To reduce the computation time of graph-based methods, matrix factorization methods [12, 28] have become popular approaches for multi-view clustering. The basic idea of these methods is to convert the initial matrix into a product of two smaller matrices, which allows them to handle large datasets. Moreover, in [28], the authors present a method for multi-view clustering by consensus graph learning and non-negative embedding (MVCGE). This method benefits from kernelized graph learning methods and matrix factorization methods. The kernel is used to project the data into a space where it can be linearly separated. Thus, it can represent the similarity between the data points and account for the nonlinearity of the data. Moreover, the nonnegative matrix factorization matrix calculated by this method is introduced to directly obtain the final clustering result. This method is also able to automatically compute robust similarity and spectral projection matrices as well as the weights of each view. The authors of [29] develop a new method called one-step multi-view spectral clustering with cluster-label correlation graph. This method represents a significant innovation over existing multiview clustering methods. In addition to maintaining the advantages of methods for factorizing nonnegative matrices, this approach introduces an innovation inspired by semi-supervised learning. An additional graph is created to represent the similarity of the predicted labels. This graph is called the cluster label graph and is used in addition to the graphs associated with the data space.

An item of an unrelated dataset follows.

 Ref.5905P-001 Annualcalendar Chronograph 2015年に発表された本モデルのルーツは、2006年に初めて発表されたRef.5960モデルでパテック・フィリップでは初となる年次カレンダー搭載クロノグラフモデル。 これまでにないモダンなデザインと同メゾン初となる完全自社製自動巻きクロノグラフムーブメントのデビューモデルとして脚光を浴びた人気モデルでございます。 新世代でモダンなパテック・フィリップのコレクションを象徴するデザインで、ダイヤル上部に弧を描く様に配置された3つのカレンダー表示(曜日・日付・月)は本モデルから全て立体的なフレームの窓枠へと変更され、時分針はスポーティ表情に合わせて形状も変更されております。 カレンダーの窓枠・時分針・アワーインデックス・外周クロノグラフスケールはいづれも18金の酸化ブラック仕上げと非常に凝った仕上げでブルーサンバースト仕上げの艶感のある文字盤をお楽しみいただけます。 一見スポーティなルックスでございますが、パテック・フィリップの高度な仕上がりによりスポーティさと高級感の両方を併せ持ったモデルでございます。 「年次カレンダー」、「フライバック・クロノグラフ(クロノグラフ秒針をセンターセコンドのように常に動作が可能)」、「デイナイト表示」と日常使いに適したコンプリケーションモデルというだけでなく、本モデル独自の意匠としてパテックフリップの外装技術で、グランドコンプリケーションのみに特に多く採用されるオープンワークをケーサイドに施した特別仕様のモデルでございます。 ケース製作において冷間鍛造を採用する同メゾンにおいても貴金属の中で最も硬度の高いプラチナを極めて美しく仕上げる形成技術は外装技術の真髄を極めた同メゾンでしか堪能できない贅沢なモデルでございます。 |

A recent method called Dual Shared-Specific Multi-view Subspace Clustering (DSS-MSC) was introduced in [30]. DSS-MSC employs a dual learning model to simultaneously explore the characteristics of each view in a low-dimensional space. This approach aims to leverage the valuable and precise information from each view, while also considering the relationships among the shared information across different views. Additionally, the authors of [31] propose an innovative approach for learning a unified consistent graph. They achieve this by jointly computing the self-expressive coefficients and affinity matrix derived from different kernels. This unified graph is then used for the final clustering process. Two comprehensive surveys on the subject of multiview clustering can be found in [32, 33]. These surveys offer an extensive overview of multiview clustering methods, encompassing both generative and discriminative approaches.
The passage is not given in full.